▸ Data
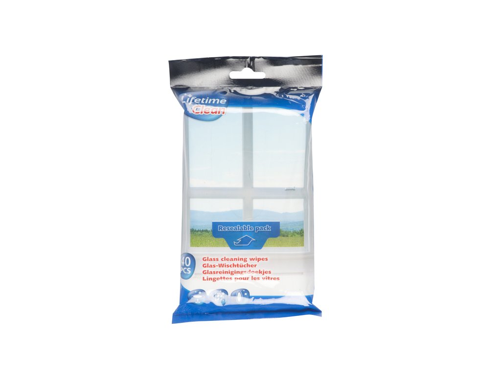 Vlhčené ubrousky Lifetime Clean k čištění oken, skel, zrcadel a skleněných povrchů.
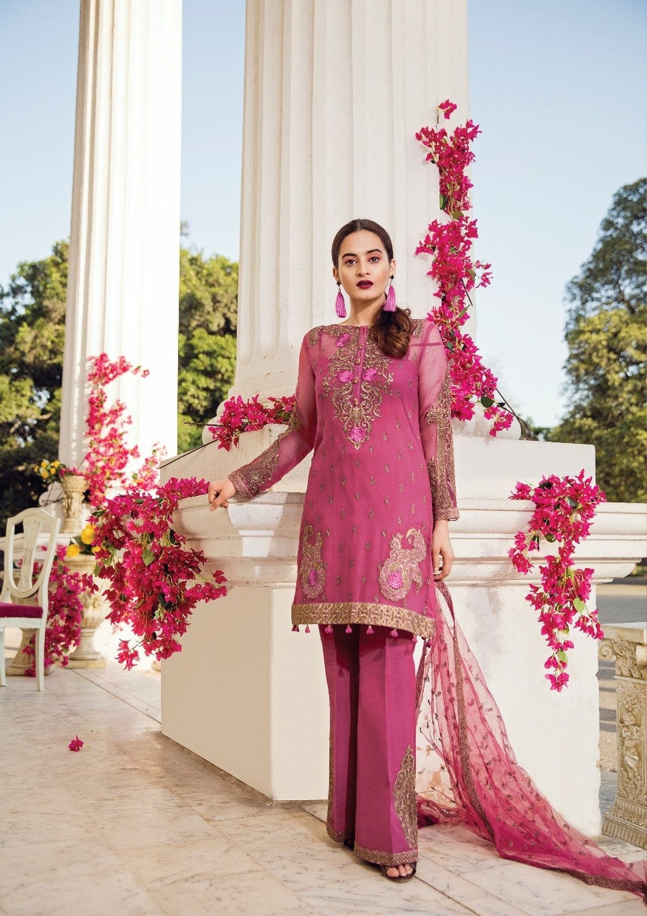 Embroidered organza border for front and back: 2 yards
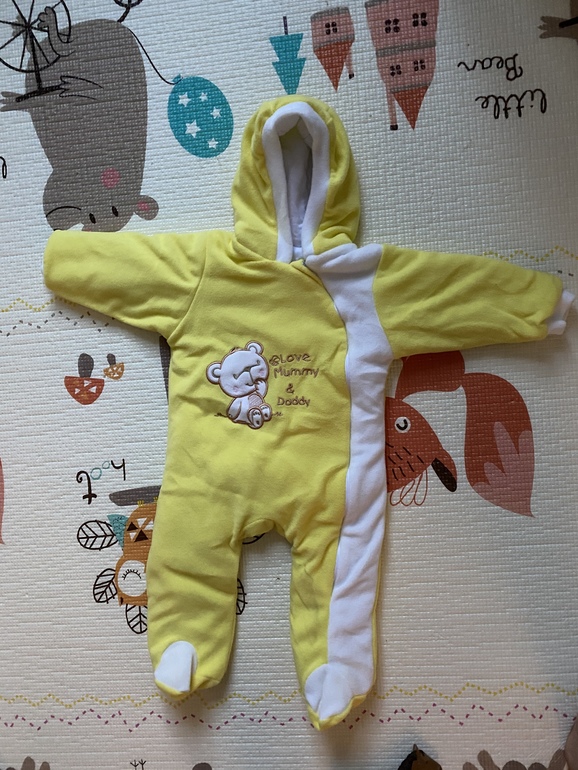 Комбинезоны 2 шт, трансформер, внутри овчина отстегивается, получается очень-зима-весна. есть пинетки. Размер 74. По факту можно с рождения.
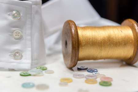 Wooden Spool with Yellow Threas with Assorted Buttons and White Shirt Cuff
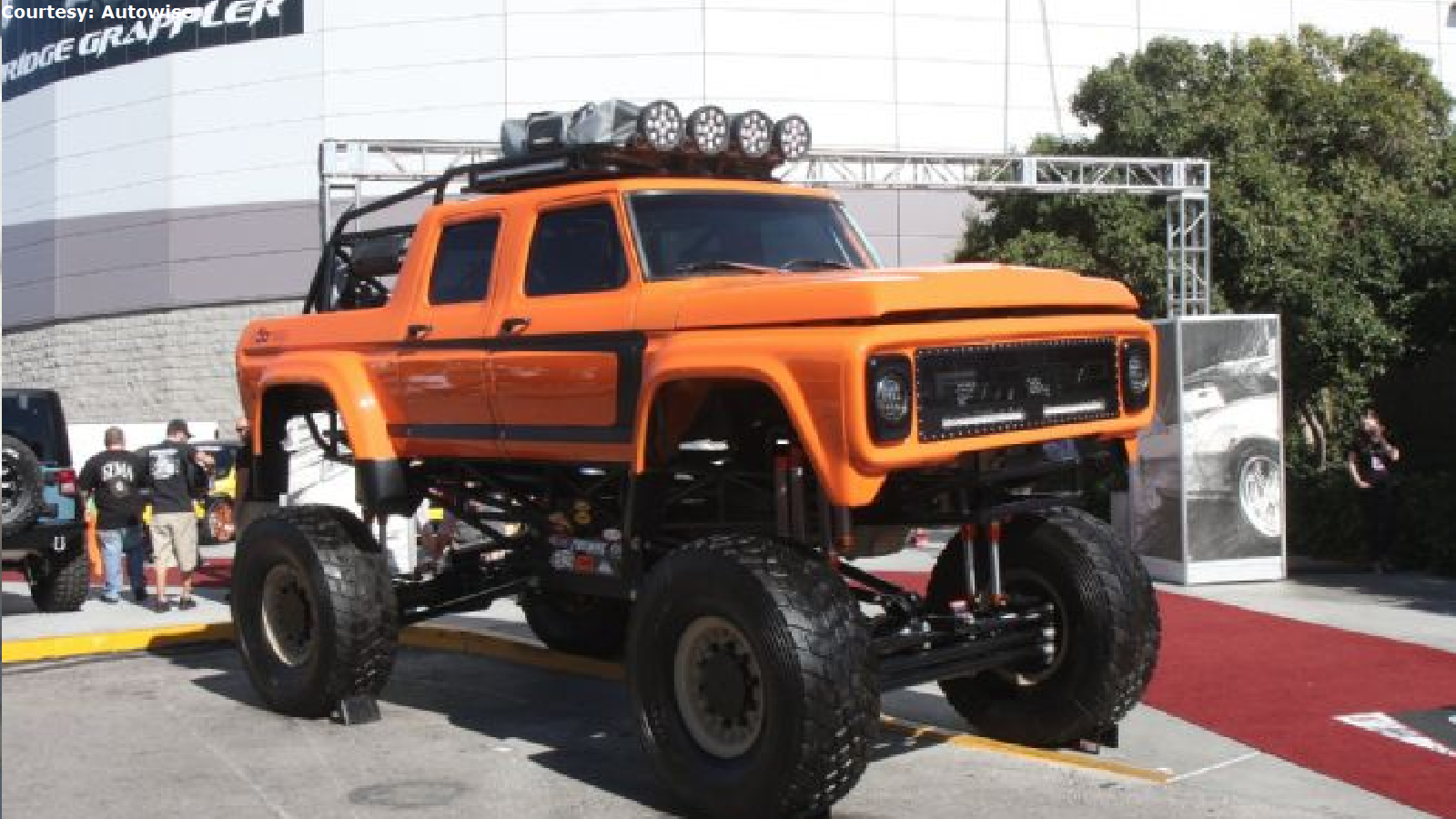 Put to show at the 2016 edition of the Specialty Equipment Market Association (SEMA), this is an aftermarket splice between an F-150 and a Bronco. What we might only call a "mini-monster truck," towers like a beast in the midst of other off-roaders. Just look at the Jeep to the left for a point of reference and you'll know this one isn't messing around.
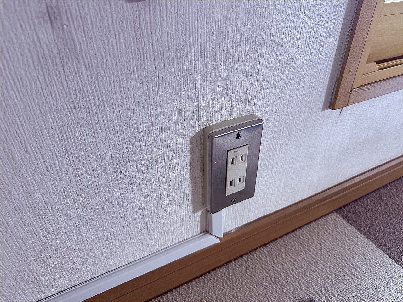 厚みのある継ぎ枠を使ってコンセントからVVFケーブルを引き出してモールで壁下を這わせて行く。

▸ What the task asks
Reproduce the listing above only between the lines holding "Комбинезоны 2 шт, трансформер, внутри" and "Wooden Spool with", inclusive. Every line must match exactly, and pictures are dropped.

▸ Output of the exercise
 Комбинезоны 2 шт, трансформер, внутри овчина отстегивается, получается очень-зима-весна. есть пинетки. Размер 74. По факту можно с рождения.
 Wooden Spool with Yellow Threas with Assorted Buttons and White Shirt Cuff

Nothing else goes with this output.